▶ Problem to work on: From the first line to the last, write out the records exactly, leaving out images.

───── Records shown

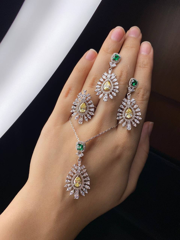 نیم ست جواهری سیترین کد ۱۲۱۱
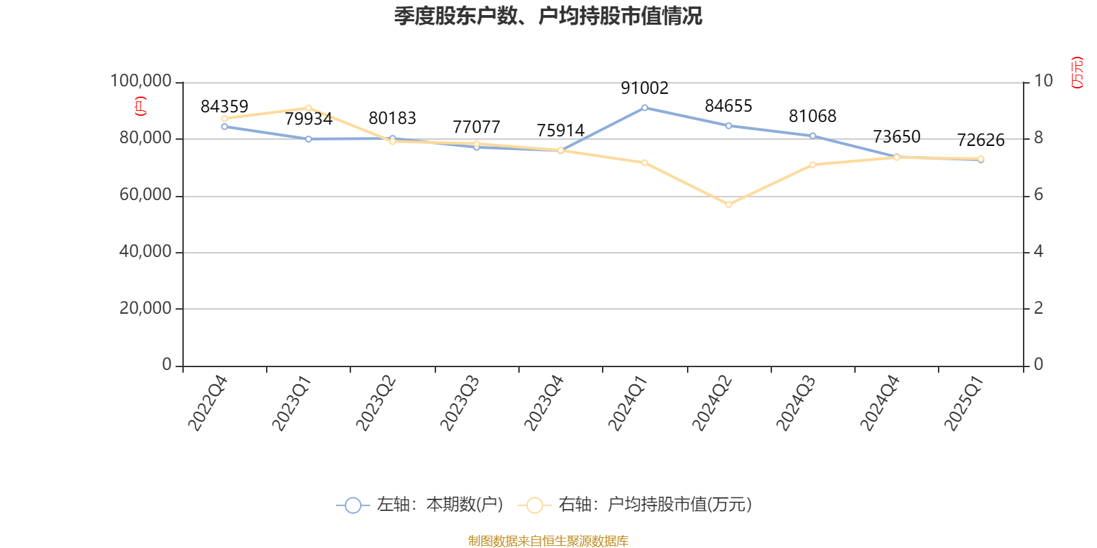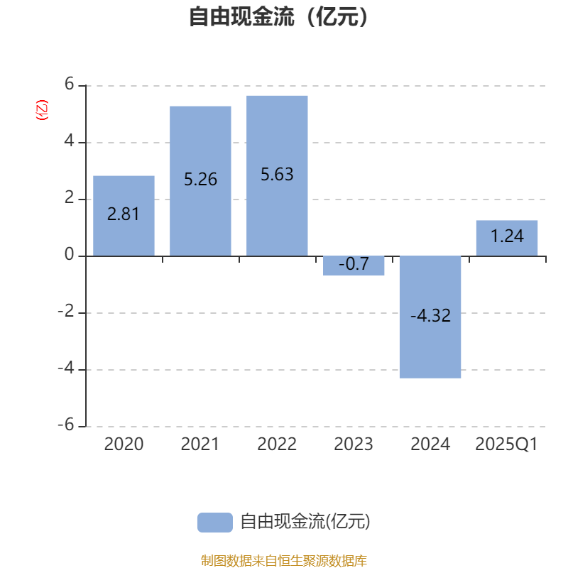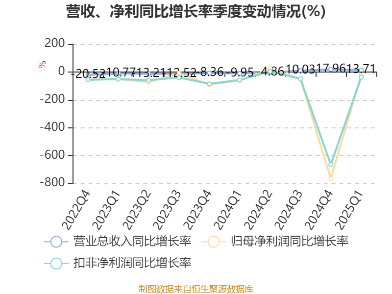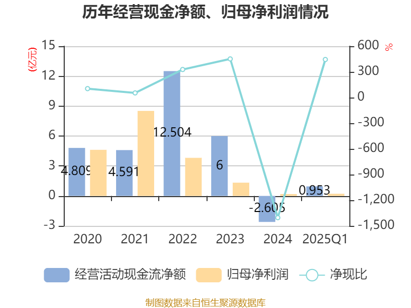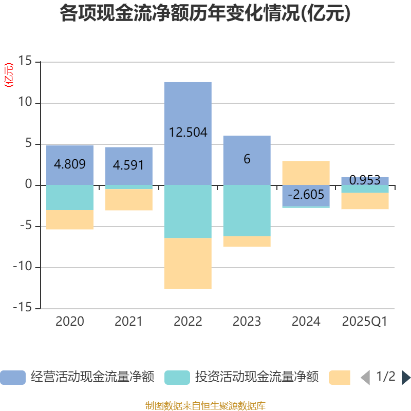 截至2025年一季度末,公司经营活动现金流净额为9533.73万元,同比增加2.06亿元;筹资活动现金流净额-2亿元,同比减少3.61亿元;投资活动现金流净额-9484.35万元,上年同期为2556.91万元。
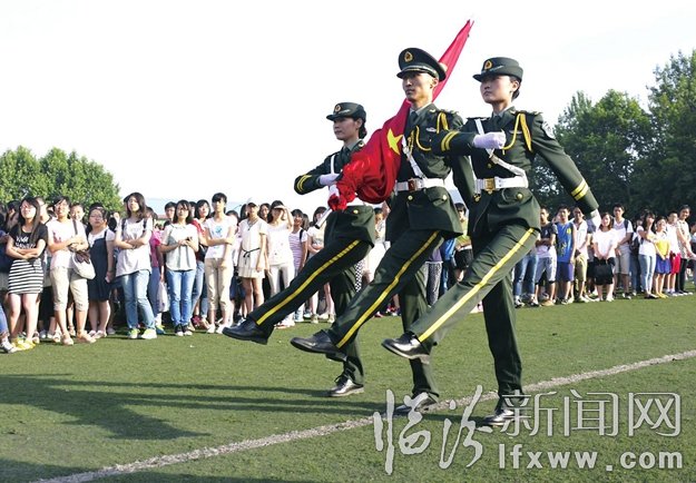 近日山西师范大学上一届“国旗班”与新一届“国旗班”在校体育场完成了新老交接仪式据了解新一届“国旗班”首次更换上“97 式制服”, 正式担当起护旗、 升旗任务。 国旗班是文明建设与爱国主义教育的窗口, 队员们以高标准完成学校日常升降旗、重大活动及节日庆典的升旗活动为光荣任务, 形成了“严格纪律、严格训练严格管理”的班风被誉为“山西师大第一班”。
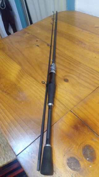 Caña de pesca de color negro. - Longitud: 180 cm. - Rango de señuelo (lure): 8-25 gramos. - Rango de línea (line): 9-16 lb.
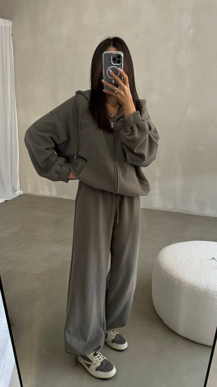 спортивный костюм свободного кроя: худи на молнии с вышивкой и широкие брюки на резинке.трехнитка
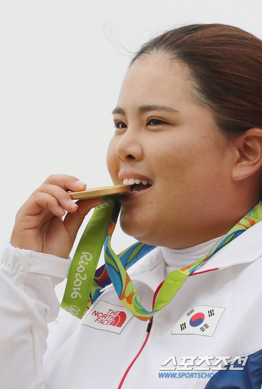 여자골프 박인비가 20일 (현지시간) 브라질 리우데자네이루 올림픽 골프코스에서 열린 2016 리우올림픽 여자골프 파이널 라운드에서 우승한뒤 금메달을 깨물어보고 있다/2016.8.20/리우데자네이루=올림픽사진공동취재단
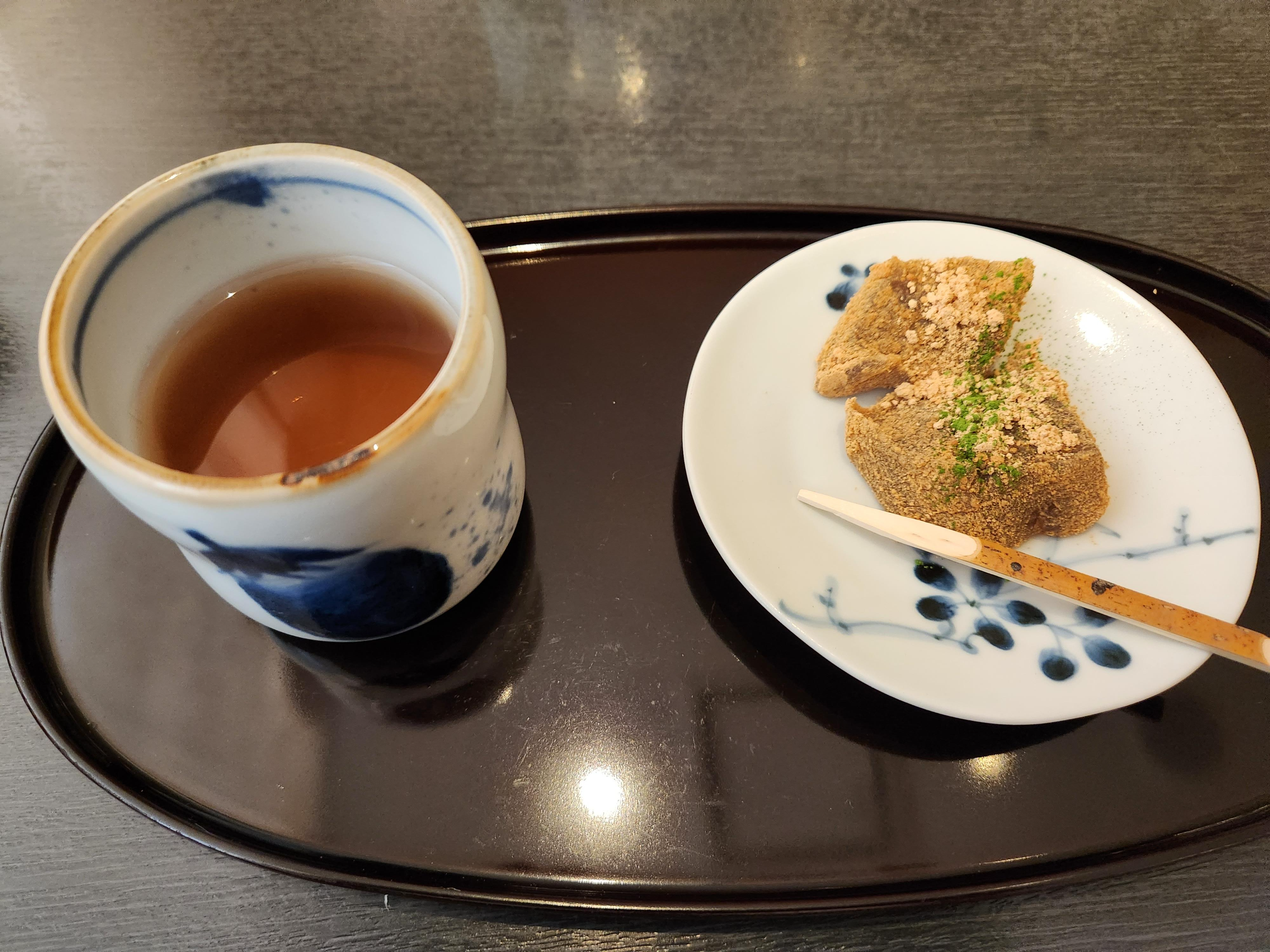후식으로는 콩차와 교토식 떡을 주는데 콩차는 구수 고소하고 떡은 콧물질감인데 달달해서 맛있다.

──────────

▶ Task response:
 نیم ست جواهری سیترین کد ۱۲۱۱
 截至2025年一季度末,公司经营活动现金流净额为9533.73万元,同比增加2.06亿元;筹资活动现金流净额-2亿元,同比减少3.61亿元;投资活动现金流净额-9484.35万元,上年同期为2556.91万元。
 近日山西师范大学上一届“国旗班”与新一届“国旗班”在校体育场完成了新老交接仪式据了解新一届“国旗班”首次更换上“97 式制服”, 正式担当起护旗、 升旗任务。 国旗班是文明建设与爱国主义教育的窗口, 队员们以高标准完成学校日常升降旗、重大活动及节日庆典的升旗活动为光荣任务, 形成了“严格纪律、严格训练严格管理”的班风被誉为“山西师大第一班”。
 Caña de pesca de color negro. - Longitud: 180 cm. - Rango de señuelo (lure): 8-25 gramos. - Rango de línea (line): 9-16 lb.
 спортивный костюм свободного кроя: худи на молнии с вышивкой и широкие брюки на резинке.трехнитка
 여자골프 박인비가 20일 (현지시간) 브라질 리우데자네이루 올림픽 골프코스에서 열린 2016 리우올림픽 여자골프 파이널 라운드에서 우승한뒤 금메달을 깨물어보고 있다/2016.8.20/리우데자네이루=올림픽사진공동취재단
후식으로는 콩차와 교토식 떡을 주는데 콩차는 구수 고소하고 떡은 콧물질감인데 달달해서 맛있다.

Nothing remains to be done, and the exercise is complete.